START SUPPLIED DATA

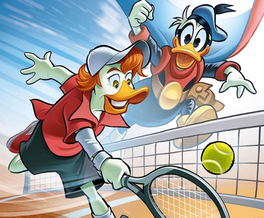 Sulle pagine di Topolino numero 3650 (con un po’ di fortuna lo trovate ancora in edicola), torna la versione ‘paperizzata’ di Jannik Sinner, chiamata Quacknik Spinner.
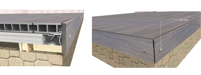 | Perfil para remate lateral de tarima de composite (WPC) "TARIMATEC", para exterior | ||
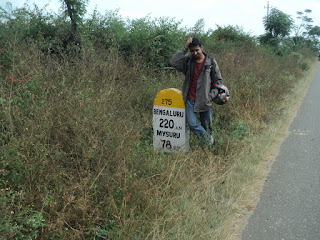 Surprisingly it was a pretty good find and we enjoyed the meal thoroughly and left the dhaba afloat. The sun already had begun it’s traverse down towards the horizon and the air had turned icy cold. We reached Mysore after about 30mins of riding and pulled over at the by-pass road and told Gauti that we would continue towards Bangalore at a slow pace. Thanking Gauti for making it that day, we said good bye and I told I would take over the riding part.
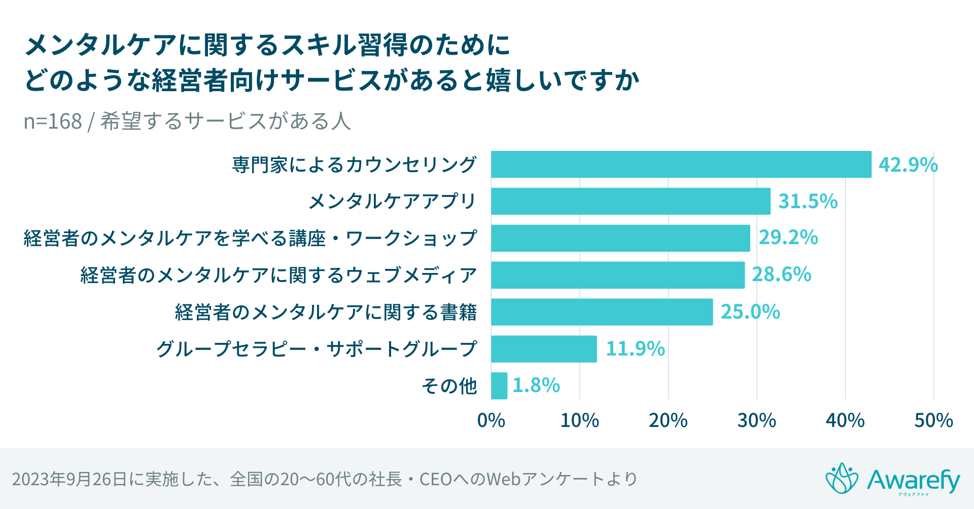 メンタルケアに関するスキル習得のために、どのような経営者向けサービスがあると嬉しいか尋ねたところ、「専門家によるカウンセリング」が最も多く42.9%、「メンタルケアアプリ」が31.5%、「経営者のメンタルケアを学べる講座・ワークショップ」が29.2%と続きました(n=168/希望するメンタルケアサービスがある人)。

END SUPPLIED DATA

• [DIRECTIONS FOR THIS TASK]: What you give back should be exactly the lines from the top of the data above down to and including the line with "exterior | ||", minus any pictures.

• [OUTPUT]:
 Sulle pagine di Topolino numero 3650 (con un po’ di fortuna lo trovate ancora in edicola), torna la versione ‘paperizzata’ di Jannik Sinner, chiamata Quacknik Spinner.
 | Perfil para remate lateral de tarima de composite (WPC) "TARIMATEC", para exterior | ||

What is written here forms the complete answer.